Copy most of profiles from VOlapScanNode and VOlapScanner to NewOlapScanNode and NewOlapScanner.
Fix some blocking bug of new scan framework.
TODO:
Memtracker
Opentelemetry spen
The new framework is still disabled by default, so it will not effect other feature.
There are currently many types of ScanNodes in Doris. And most of the logic of these ScanNodes is the same, including:
Runtime filter
Predicate pushdown
Scanner generation and scheduling
So I intend to unify the common logic of all ScanNodes.
Different data sources only need to implement different Scanners for data access.
So that the future optimization for scan can be applied to the scan of all data sources,
while also reducing the code duplication.

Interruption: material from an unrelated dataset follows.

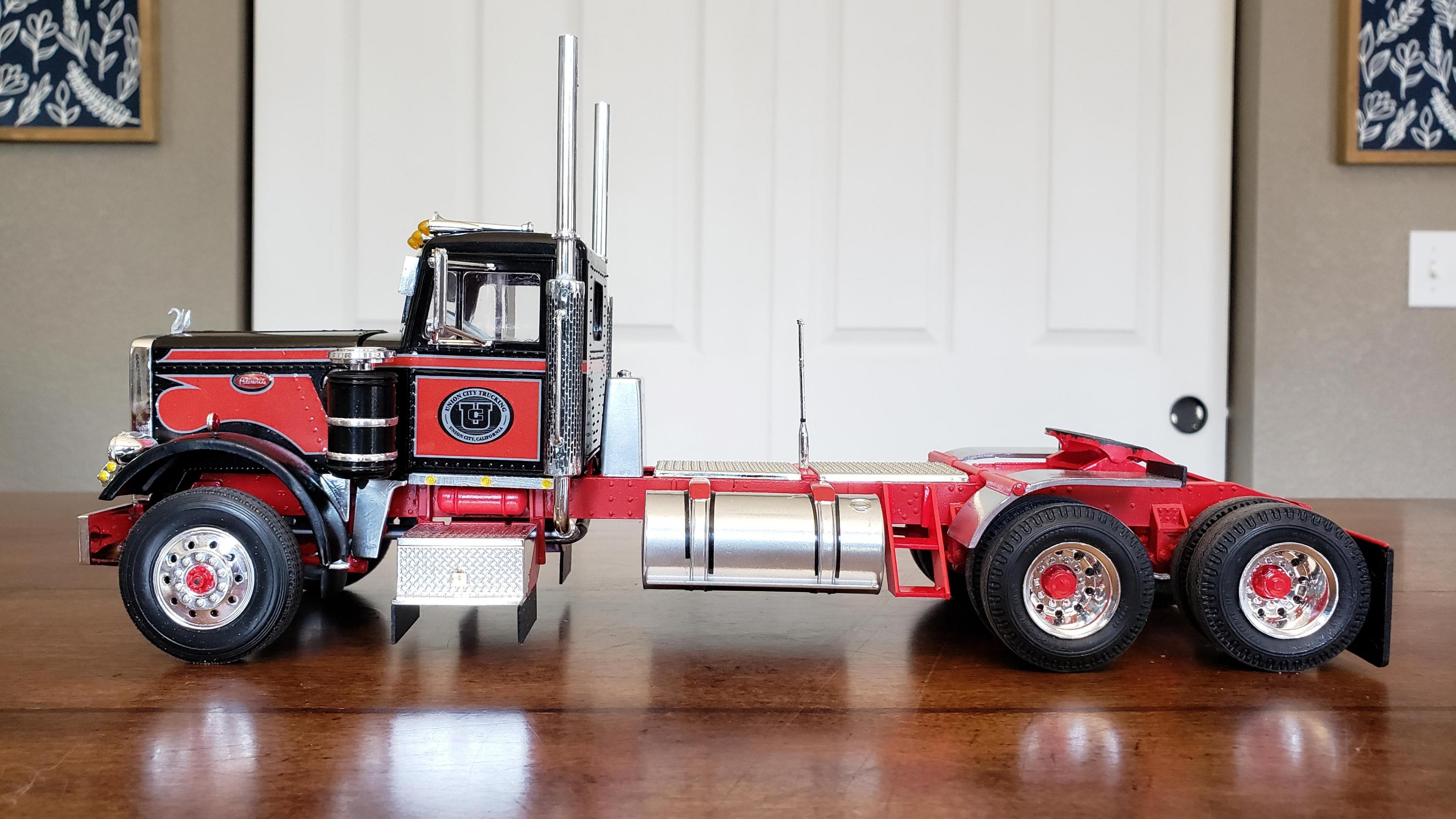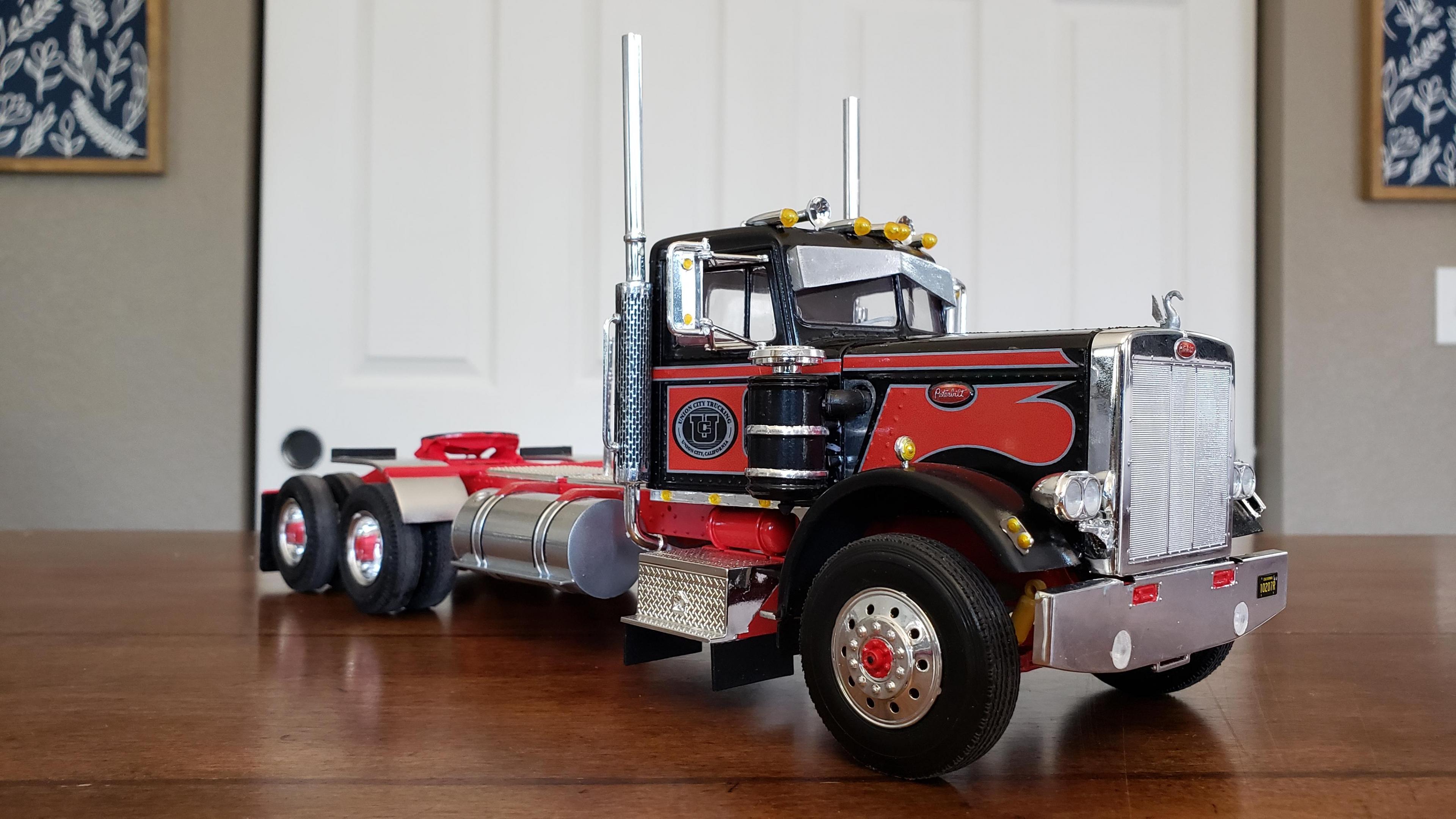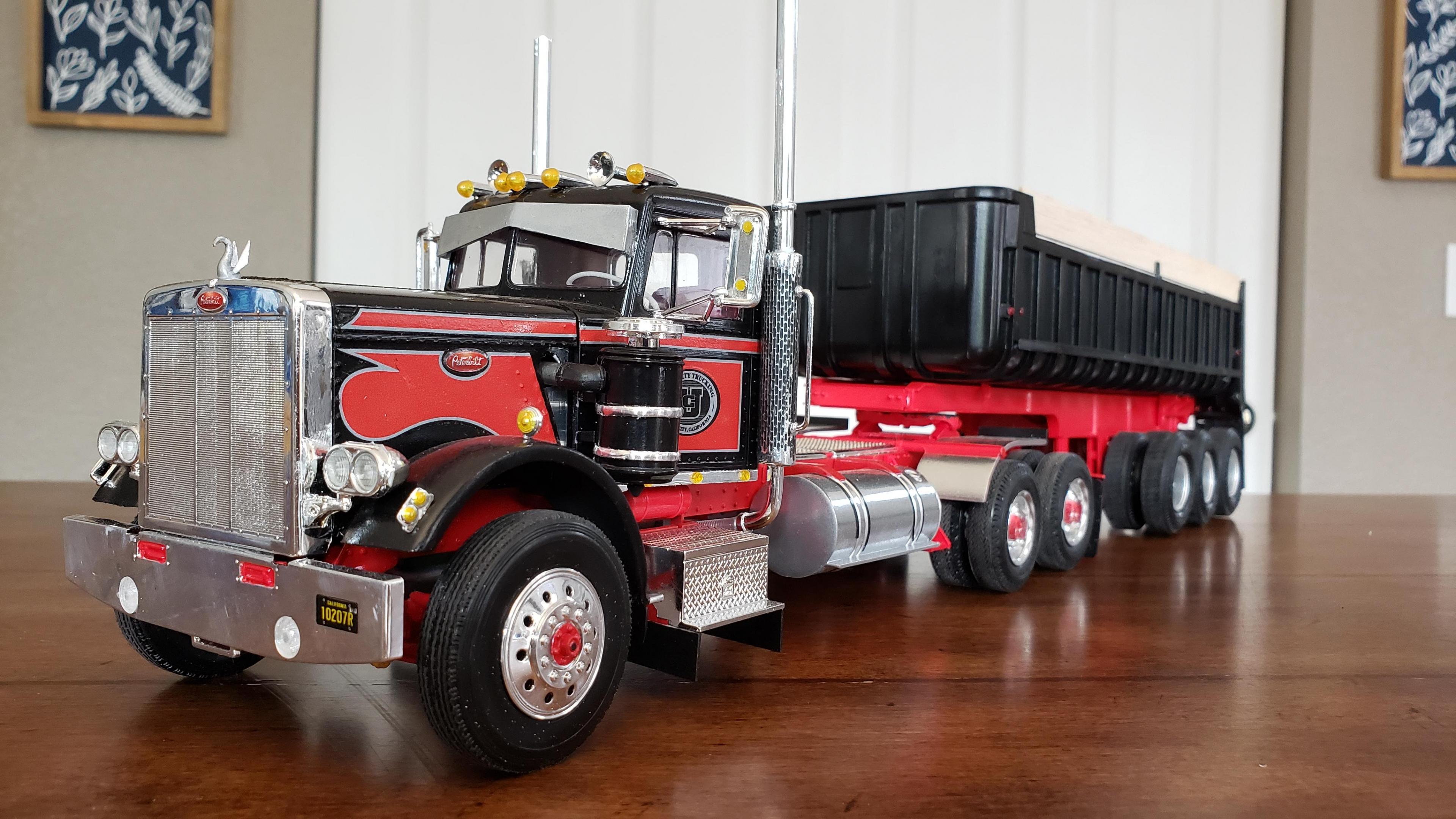 I just finished this one up. There was some custom work and kit bashing on this one. I streched the frame a scale 2'. Front bumper and stacks from snap pete. Converted to dual air cleaners, taken from snap kw. Fuel tanks from snap kw, I wish I had mounted them further forward. Front wheels also from snap kw, I don't like the looks of the kit's rounded wheels. Also the half fenders came from the snap kw. Battery box from 378. Swan, steps and visor made from scratch. I wanted the stripes white with red outline, and I ordered some up. They wound up not working for me, so I just used the kit decals. This will be pulling the gravel trailer, and I added the hydraulic tank behind the cab. Thanks for looking!

This PR mainly adds 4 new class:
VScanner
All Scanners' parent class. The subclasses can inherit this class to implement specific data access methods.
VScanNode
The unified ScanNode, and is responsible for common logic including RuntimeFilter, predicate pushdown, Scanner generation and scheduling.
ScannerContext
ScannerContext is responsible for recording the execution status
of a group of Scanners corresponding to a ScanNode.
Including how many scanners are being scheduled, and maintaining
a producer-consumer blocks queue between scanners and scan nodes.
ScannerContext is also the scheduling unit of ScannerScheduler.
ScannerScheduler schedules a ScannerContext at a time,
and submits the Scanners to the scanner thread pool for data scanning.
ScannerScheduler
Unified responsible for all Scanner scheduling tasks
Test:
This work is still in progress and default is disabled.
I tested it with jmeter with 50 concurrency, but currently the scanner is just return without data.
The QPS can reach about 9000.
I can't compare it to origin implement because no data is read for now. I will test it when new olap scanner is ready.
Co-authored-by: morningman <morningman@apache.org>